- GIVEN MATERIAL -
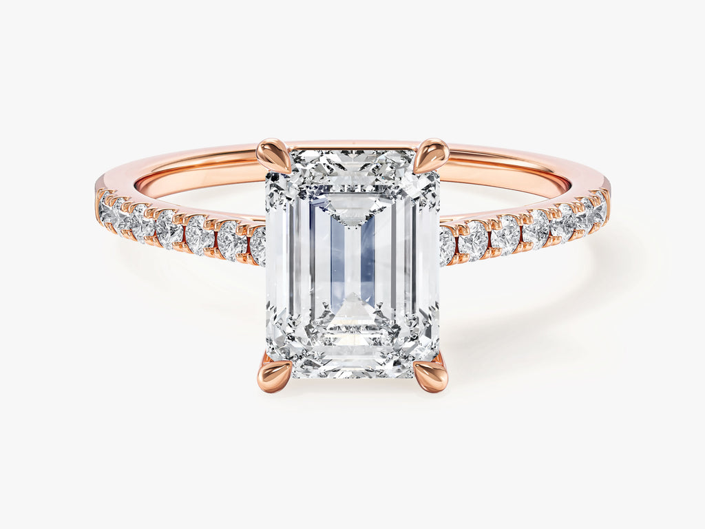 Make a profound statement of love with the Emerald Cut Lab Grown Diamond Engagement Ring and its Pave Set Side Stones. The centerpiece of this design is a dazzling emerald-cut lab-grown diamond, meticulously created to emphasize its remarkable clarity and captivating beauty. The intricate pave setting, featuring ethically sourced diamonds, creates an atmosphere of refinement and elegance, echoing your commitment to ethical sourcing and sustainability.
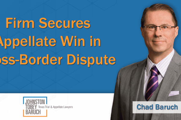 Johnston Tobey Baruch wins key ruling from El Paso appeals court in cross-border res judicata dispute EL PASO, Texas – The 8th Court of Appeals in El Paso has sided with Johnston Tobey Baruch and its client in a civil case involving the interplay of Mexican and Texas preclusion law. The dispute stemmed from a […]
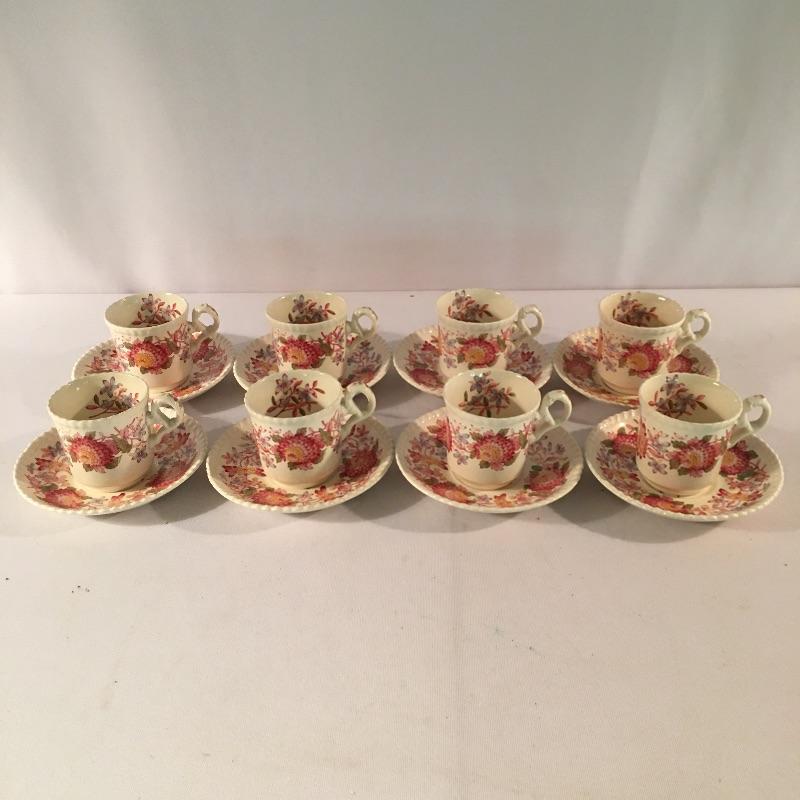16 pc Copeland Spode tea cups and saucers in Spode’s Aster pattern. A stunning set of tea cups is sure to please your eyes. A few have crazing on bottom, see pictures.
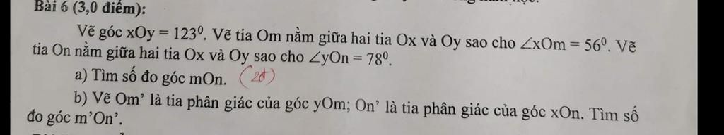 Ta có: Vì nOy > mOy (78 độ > 77 độ) => Oy nằm giữ On và Om

- YOUR GOAL -
From the material above, copy everything exactly but the pictures.

- SOLUTION TO THE PROBLEM -
 Make a profound statement of love with the Emerald Cut Lab Grown Diamond Engagement Ring and its Pave Set Side Stones. The centerpiece of this design is a dazzling emerald-cut lab-grown diamond, meticulously created to emphasize its remarkable clarity and captivating beauty. The intricate pave setting, featuring ethically sourced diamonds, creates an atmosphere of refinement and elegance, echoing your commitment to ethical sourcing and sustainability.
 Johnston Tobey Baruch wins key ruling from El Paso appeals court in cross-border res judicata dispute EL PASO, Texas – The 8th Court of Appeals in El Paso has sided with Johnston Tobey Baruch and its client in a civil case involving the interplay of Mexican and Texas preclusion law. The dispute stemmed from a […]
16 pc Copeland Spode tea cups and saucers in Spode’s Aster pattern. A stunning set of tea cups is sure to please your eyes. A few have crazing on bottom, see pictures.
 Ta có: Vì nOy > mOy (78 độ > 77 độ) => Oy nằm giữ On và Om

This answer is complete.